Print only the lines below from the one with "Sliding doors offer" to the one with "A lot of road", both included, exactly as they stand. Leave pictures out.

-- Opening Marker --

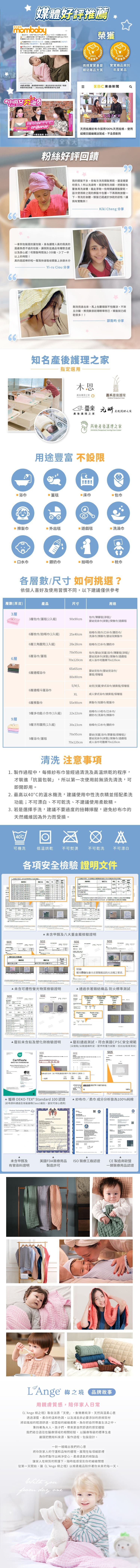 層層把關每一道製作過程,提供最高品質的產品。商品經過清洗及高溫烘乾再放入「抗菌包裝」,即開即用不用另外清洗,感受最天然與純淨的觸感!
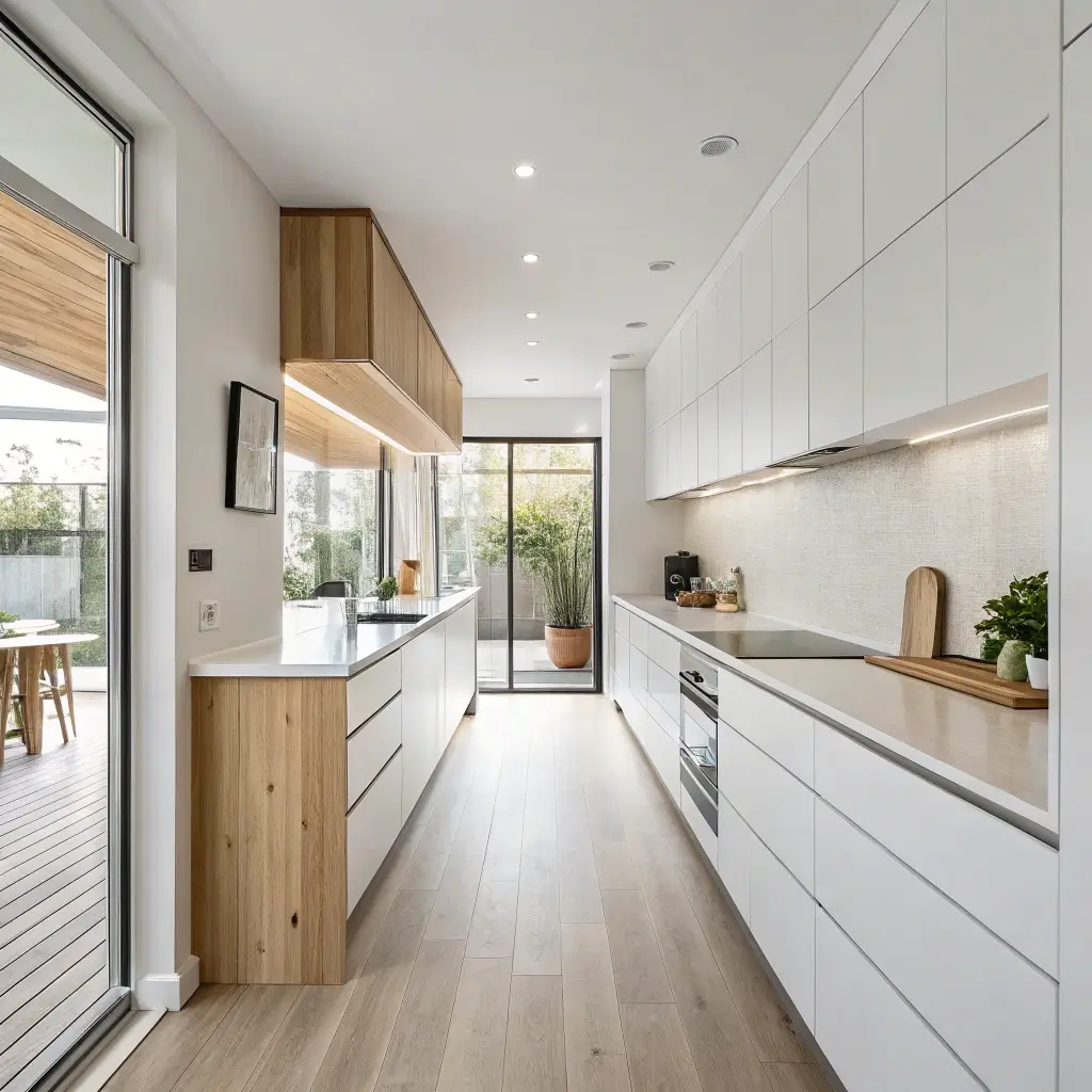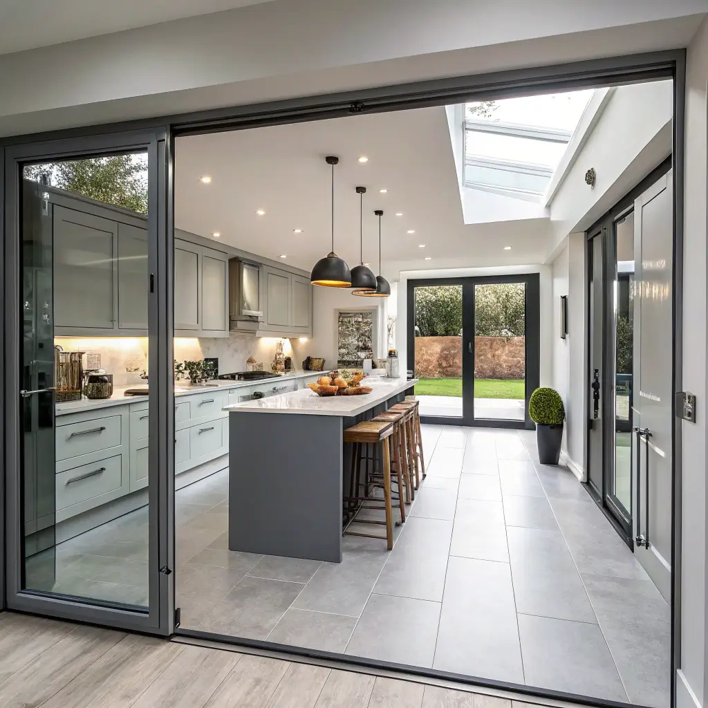 Sliding doors offer unmatched versatility. During a dinner party, slide them open and your kitchen becomes part of the entertainment space. When you’re batch-cooking for the week and the kitchen resembles a war zone, slide them closed and problem solved.
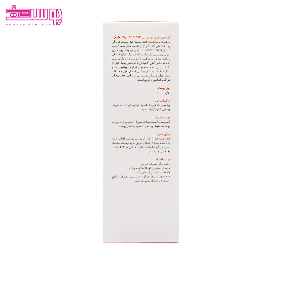 ضد آفتاب فیزیکال رنگی تن برایت SPF50 برایت مکس حجم 40ml
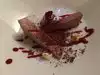 What a find! Inside a little alley way in downtown Miami are about 4-5 restaurants. A real find is Alloy! Very, very creative cooking in a nice comfortable restaurant with outside and inside seating. We had 2 appetizers - the duck gnocchi, a take off on Canadian poutine, and the foie gras with thinly sliced mango and a mango purée with, I think, chia seeds. Both were delicious and nice portions. Then a chocolate dessert - chunks of cold milk chocolate, piped whites chocolate and raspberry purée. Excellent! We will definitely go back and try the hamachi and the octopus. Both served beautifully, smoke pouring out from both!
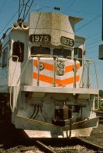 A lot of road dirt sports the nose of EMDX 1975 at the Harrisburg engine terminal in June, 1977.
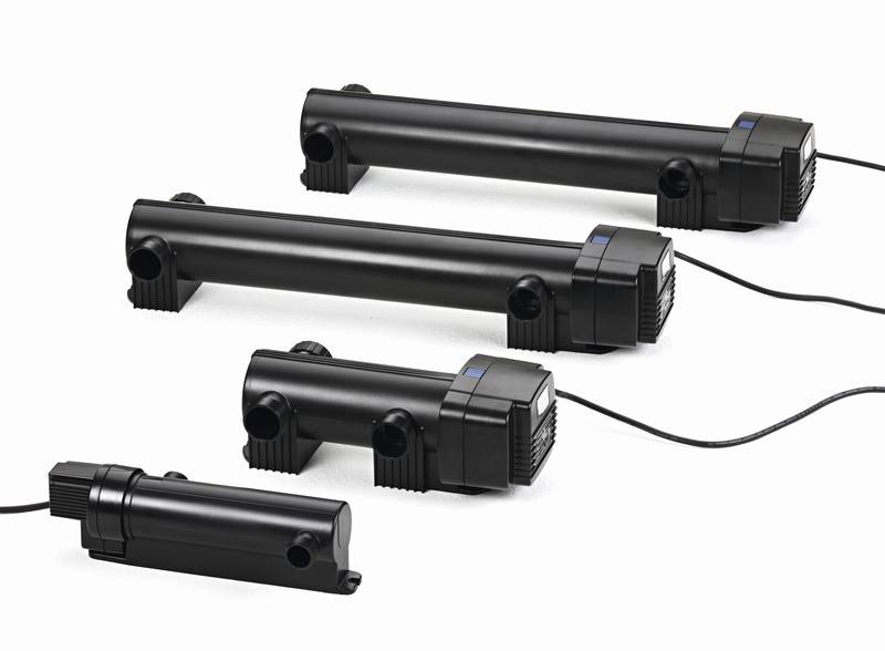 The Oase Vitronic range of Ultra Violet Clarifiers (UVCs) are well designed and of a very high build quality. Water is pumped (using a separate pump) from your pond, through the UVC and then into a filter or straight back into the pond, sometimes via a waterfall or feature. As the water passes by the internal UV lamp, the green algae is killed and your pond water is clearer when it returns.

-- Closing Marker --

## SOLUTION TO THE PROBLEM
 Sliding doors offer unmatched versatility. During a dinner party, slide them open and your kitchen becomes part of the entertainment space. When you’re batch-cooking for the week and the kitchen resembles a war zone, slide them closed and problem solved.
 ضد آفتاب فیزیکال رنگی تن برایت SPF50 برایت مکس حجم 40ml
 What a find! Inside a little alley way in downtown Miami are about 4-5 restaurants. A real find is Alloy! Very, very creative cooking in a nice comfortable restaurant with outside and inside seating. We had 2 appetizers - the duck gnocchi, a take off on Canadian poutine, and the foie gras with thinly sliced mango and a mango purée with, I think, chia seeds. Both were delicious and nice portions. Then a chocolate dessert - chunks of cold milk chocolate, piped whites chocolate and raspberry purée. Excellent! We will definitely go back and try the hamachi and the octopus. Both served beautifully, smoke pouring out from both!
 A lot of road dirt sports the nose of EMDX 1975 at the Harrisburg engine terminal in June, 1977.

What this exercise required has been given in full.